Похоже на простуду в душе. И из литературного образа болезни рождается желание, чтобы жизнь была выздоровлением, без движения; и мысль о выздоровлении вызывает в памяти пригородные дома, но там, внутри, где очаг, вдали от улицы и от колес. Да, не чувствуется ничего. Засыпая лишь оттого, что телу невозможно придать другое направление, осознанно проходишь мимо двери, в которую ты должен войти. Проходишь мимо всего. Куда подевался бубен, замерший медведь?

79.

Легкий, словно некое начало, насыщенный запах морского бриза воспарил над Тежу и грязно рассеялся в начале Байши. Он вызывал свежую тошноту среди холодной неподвижности однообразного моря. Я почувствовал жизнь в животе, и обоняние стало для меня чем-то позади глаз. В высоте редкие облака покоились, словно локоны, ни на чем в сером свете, готовом рассыпаться и превратиться в обманчивую белизну. Атмосфера казалась угрозой трусливого неба, словно угроза неслышимой грозы, сотканной из одного воздуха.

Даже чайки в полете словно застывали и казались легче воздуха, как будто кем-то в нем оставленные. Ничто не томило. На наш непокой опускался вечер; воздух время от времени приносил свежесть.
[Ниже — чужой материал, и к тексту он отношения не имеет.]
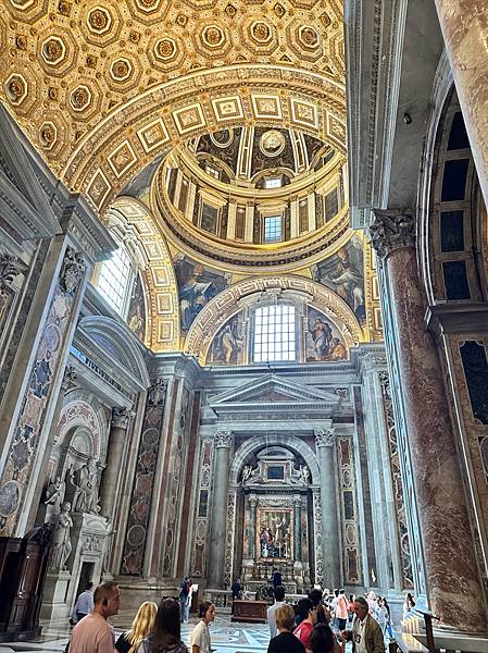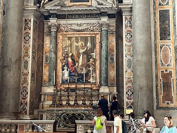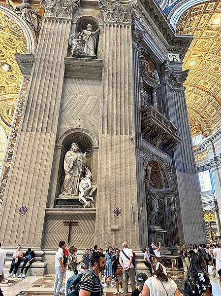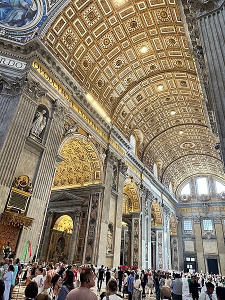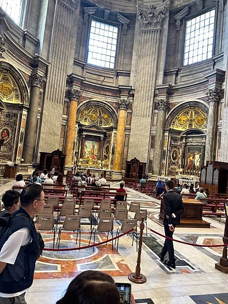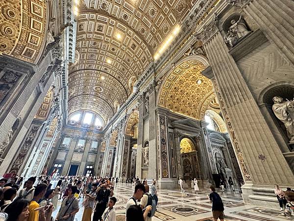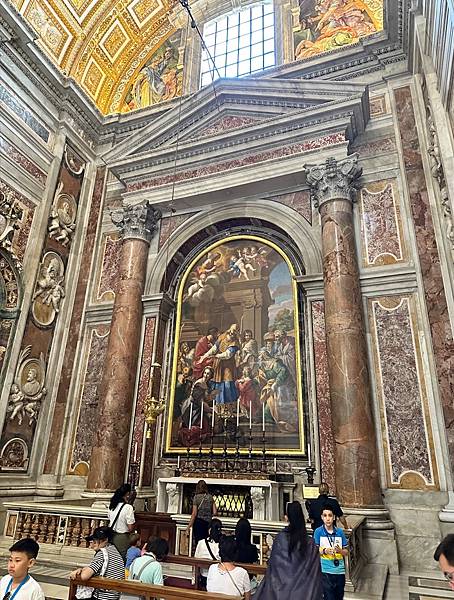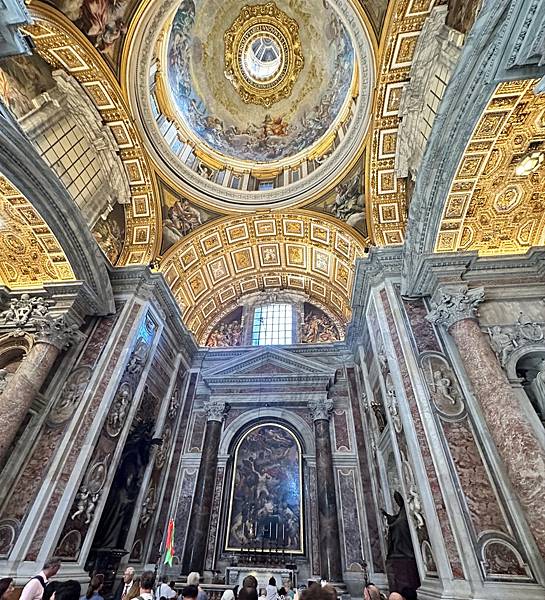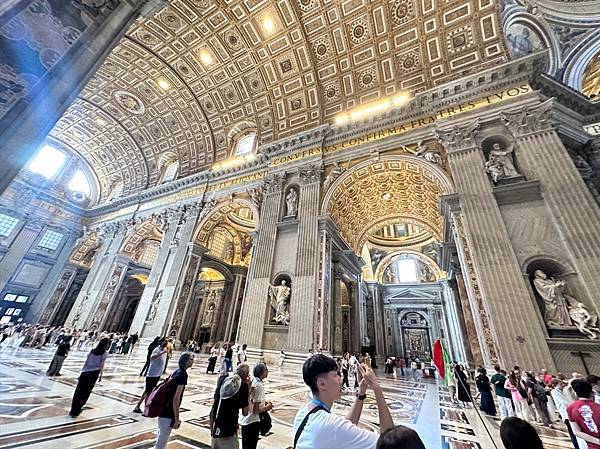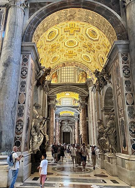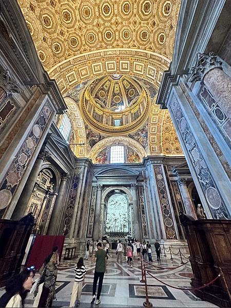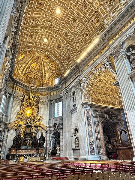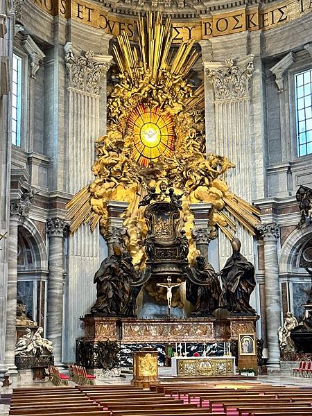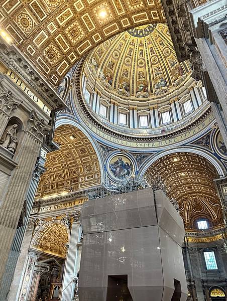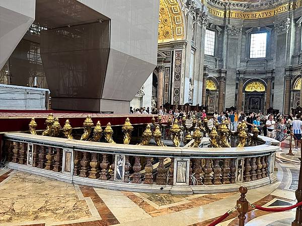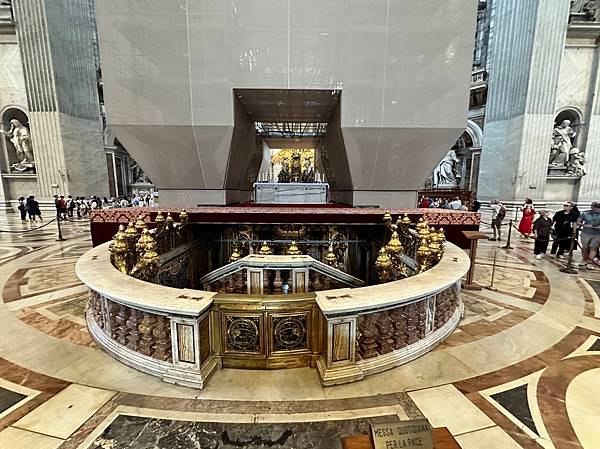值得一看的是正中央的巴洛克風格聖體傘(baldacchino),因施工中,只能從縫隙中看看,這是建於1624年,覆蓋在聖彼得墳墓正上方,高達20公尺、重達3.7萬公斤的聖體傘,是全世界最大的銅鑄物。

Бедные питаемые мной надежды, рожденные жизнью, которая у меня должна была быть! Они подобны этому часу и этому воздуху, мгле без тумана, разорванным наметкам мнимой грозы. Мне хочется кричать, чтобы покончить с пейзажем и с размышлениями. Но в моем намерении есть запах, и отлив во мне обнажил топкую черноту, которая лежит там, снаружи, и которую я вижу только по запаху.

Сколько нелепости в желании быть самодостаточным! Сколько осознанного сарказма в предполагаемых ощущениях! Сколько сплетений души с ощущениями, мыслей – с воздухом и рекой, чтобы сказать, что жизнь причиняет мне боль в обонянии и в сознании, чтобы не суметь сказать, как в простой и глубокой фразе из Книги Иова: «Опротивела душе моей жизнь моя!»

80.

Болезненный интервал

Все меня утомляет, даже то, что не утомляет. Мое веселье так же болезненно, как и моя боль.

Кто бы позволил мне быть ребенком, пускающим бумажные кораблики в пруду в саду, под сельским балдахином из переплетающихся виноградных лоз, который образует шашечную сеть света и зеленой тени на темных бликах мелкой воды.

Между мной и жизнью – тонкое стекло. Как бы отчетливо я ни видел и ни понимал жизнь, я не могу ее коснуться.

Осмыслить мою грусть? К чему, если рассуждения – это усилие? А тот, кто грустен, не может совершать усилий.

Я даже не отрекаюсь от тех заурядных жестов жизни, от которых так хотел бы отречься. Отречение – это усилие, а в моей душе для него нет сил.

Сколько раз меня гнетет то, что я – не водитель той машины, не кучер той кареты! Что я не любой воображаемый заурядный Другой, чья жизнь, не являясь моей, упоительно проникает в мое желание проживать ее и пронизывает меня своей инаковостью!

Я бы не испытывал ужаса перед жизнью как Вещью. Понятие жизни как целого не довлело бы над плечами мысли.

Мои грезы – глупое убежище, защищающее так же, как зонт защищает от молнии.

Я так бездеятелен, я так жалок, я настолько лишен жестов и действий.

Как бы я ни запутывался в себе, все тропинки моего сна выведут на поляны тревоги.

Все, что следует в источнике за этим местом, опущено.